The aggregate should then be fine-tuned. After that, you can run reports straight from the SQL Query tab in Studio 3T.

A query can be cut from nearly five minutes to roughly 100 milliseconds using the brain. Just put common sense indexes on foreign key references and keys, then experiment with covering and intersecting indexes to get over the first misery of waiting minutes.

Then, check whether you’re unnecessarily scanning ancient or non-changing data. Unfortunately, this is such a prevalent blunder that it’s nearly epidemic.

This post shows how a cube may help speed up the design and production of many reports using the same core data.

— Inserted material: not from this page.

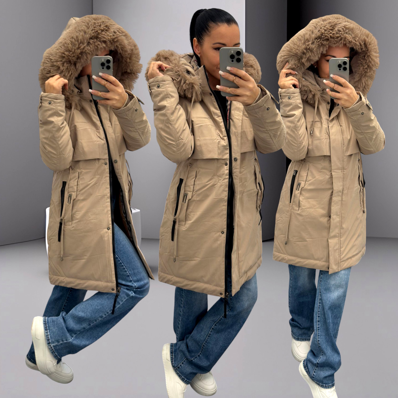 Kapuce s kožíškem, který lze odepnout podle potřeby.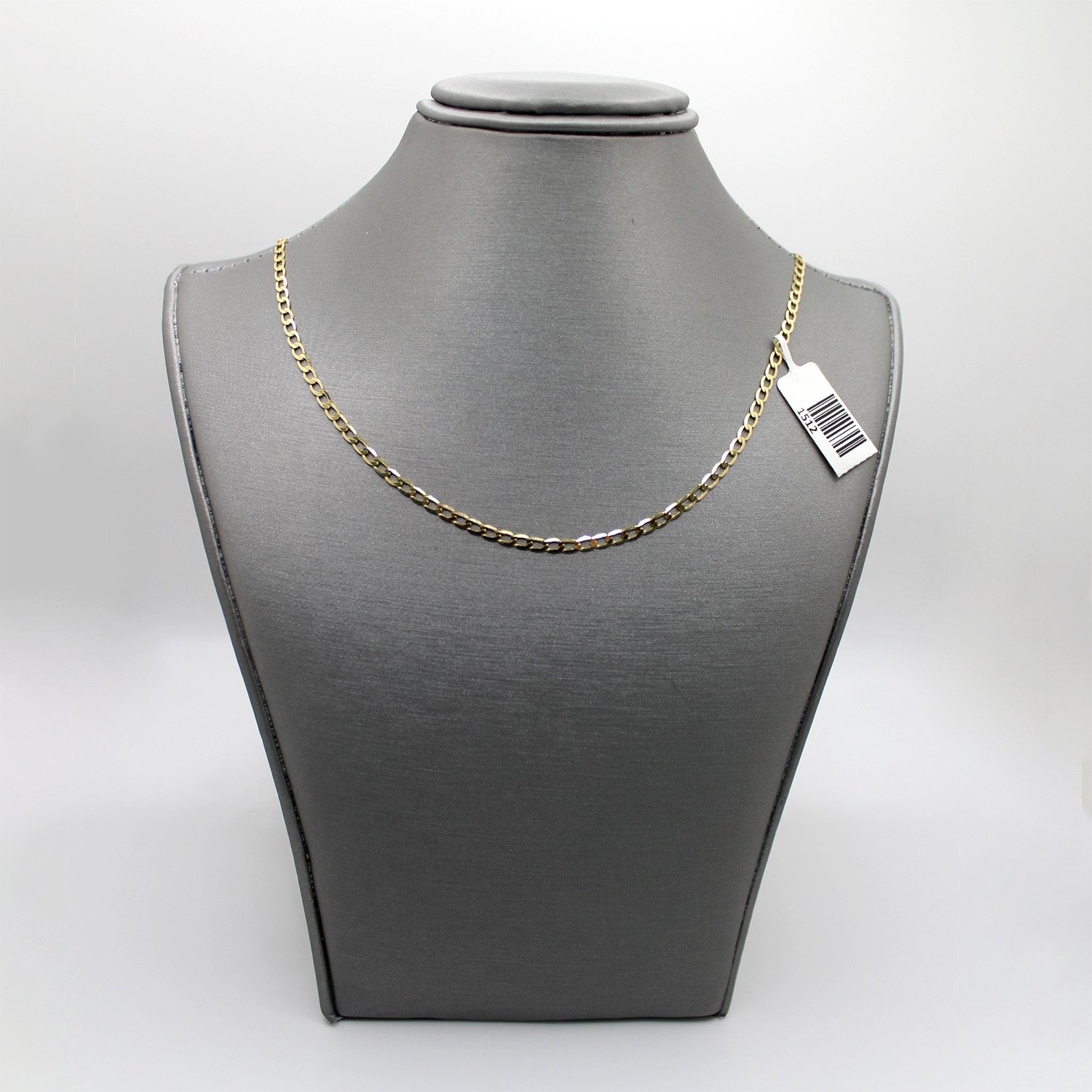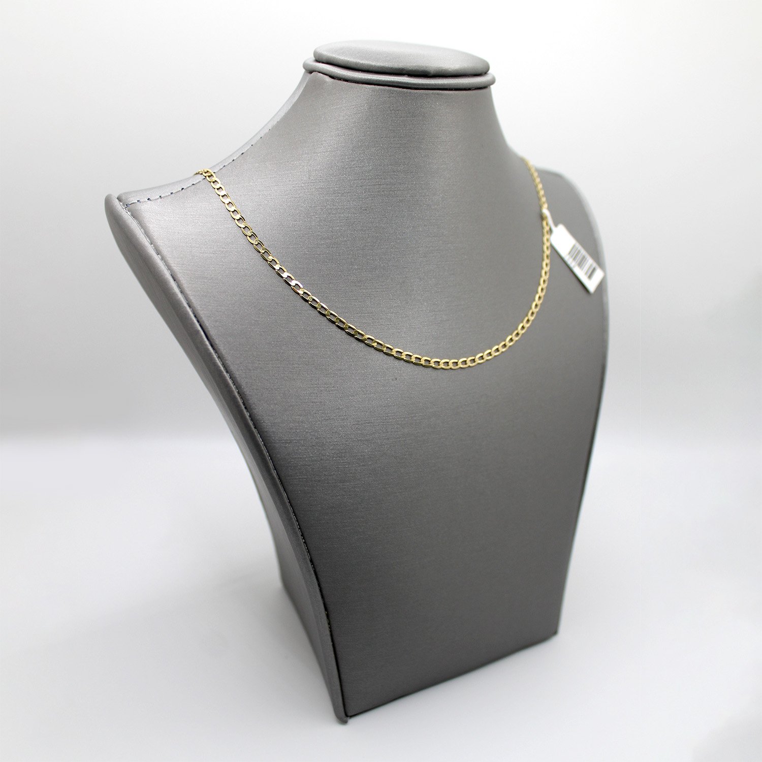 A sleek 10KT yellow gold curb chain measuring 18 inches in length and 2.4mm in width with a brilliant high-polish finish.

Finally, getting the sequence of the phases in an aggregate pipeline correct is critical. Lookups, like sorting, should be saved for when you only have the documents you need for the final report.

Early on, matching and projecting should be done.

The moment you conduct grouping is a more tactical option, although it isn’t a prolonged procedure with MongoDB. It makes sense to keep the pipeline small, pushing only the data you need into each document as it comes through.

But this is best regarded as part of the final clean-up, and while it will speed things up, it will not provide significant advantages.

On the other hand, current transactional information can never be handled this way.

For example, you would never want out-of-date information regarding the recent trade. However, because this is a modest amount of data, it is unlikely to cause problems with lookups.